|Yellow-spotted Amazon river turtle|
|Adult at Krefeld Zoo|
The yellow-spotted Amazon river turtle (Podocnemis unifilis), also known commonly as the yellow-headed sideneck turtle and the yellow-spotted river turtle, is one of the largest South American river turtles. It can grow up to 45 cm long and weigh up to 8 kg. This species can be recognized by its black or brown oval carapace (upper shell) with distinctive low keels on the second and third scutes. Yellow spots on the side of its head give this species its common name. These spots are most prominent in juveniles and fade with age. Females can be up to twice the size of males.
Podocnemis unifilis is a type of side-necked turtles, so called because they do not pull their heads directly into their shells, but rather bend their necks sideways to tuck their heads under the rim of their shells. Side-neck turtles are classified as members of the suborder Pleurodira.

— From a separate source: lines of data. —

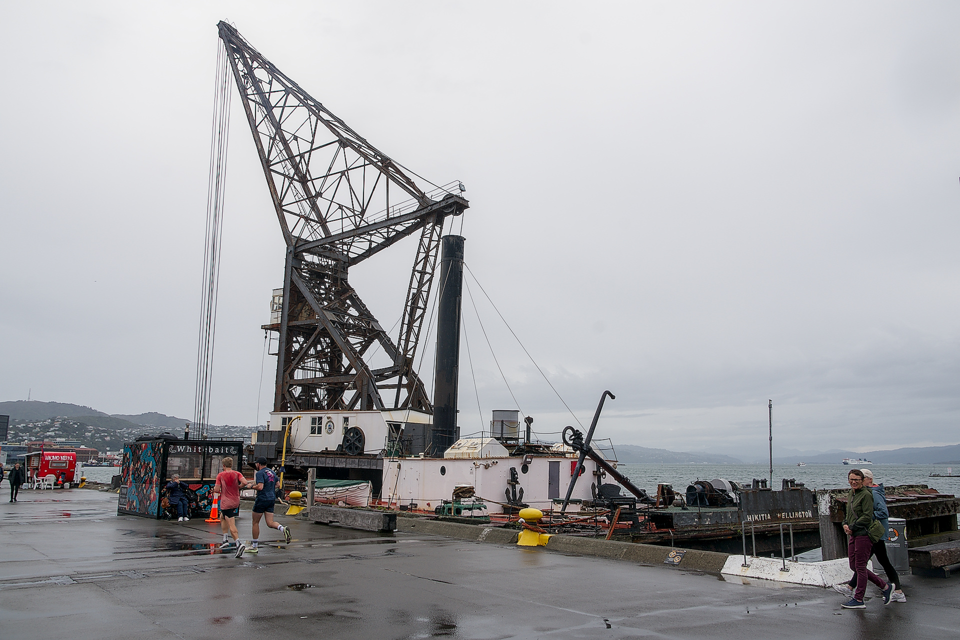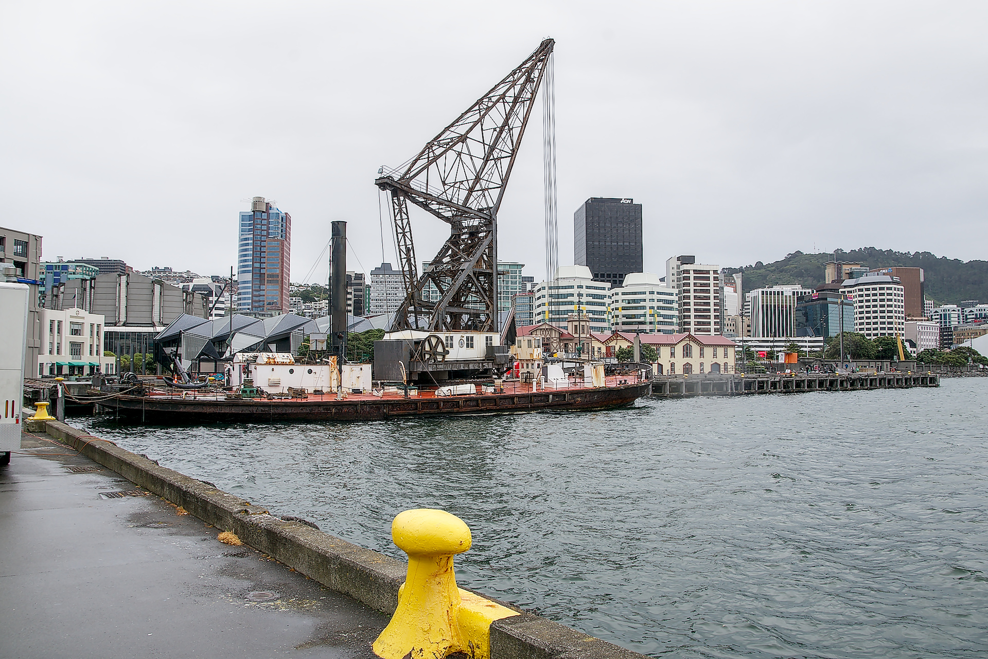 Three images of the Hikitia - a steam-powered floating crane in Wellington, NZ, on a grey day.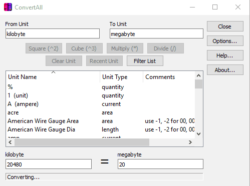 Convertall is a program to convert a quantity of one unit to a quantity of another unit. It supports over 500 unit types. You can quickly select a unit type by typing the first few letters of a unit and ConvertAll will attempt to autocomplete and filter the list of unit types to show only units types with matching words.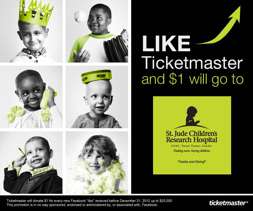 Here’s the easiest thing you might ever do to pay it forward! Ticketmaster is donating $1 to St. Jude Children’s Research Hospital for every new Facebook like through December 31 up to $20,000!  If you’re a Facebook user, head over and give them a ‘like’!   I just did and saw they’ve already raised over $13,000.  WOW!

These turtles are native to South America's Amazon and Orinoco basins, as well as rivers systems of the Guianas. They are found in tributaries and large lakes, naturally calm waters. During flood season, they may venture into flooded forests or floodplain lakes. They feed on fruits, weeds, fish, and small invertebrates.
The females lay two clutches of eggs each year, each with four to 35 eggs in it. They make their nests in sandy areas on the banks of rivers, where the eggs will hatch 66 to 159 days after they are laid. The eggs are laid at the peak of dry season so the nest will not be washed away with the floods of the rainy season. Eggs incubated below 32 degrees Celsius will hatch as males, while those incubated above 32 degrees Celsius will hatch as females. Within a few days after hatching, the young turtles begin to forage for food alone. This food includes vegetable matter, grasses, fruits, leaves, carrion and mollusks.
Podocnemis unifilis was one of the foreign species exploited by the American pet turtle trade in the 1960s. This species is at risk of predation by humans, birds, snakes, large fish, frogs and mammals. Importation of this species is now strictly regulated by federal law, but a captive, self-sustaining population exists in the United States—some groups in zoos, others in the hands of private collectors. Individuals of this species have lived more than 30 years in captivity.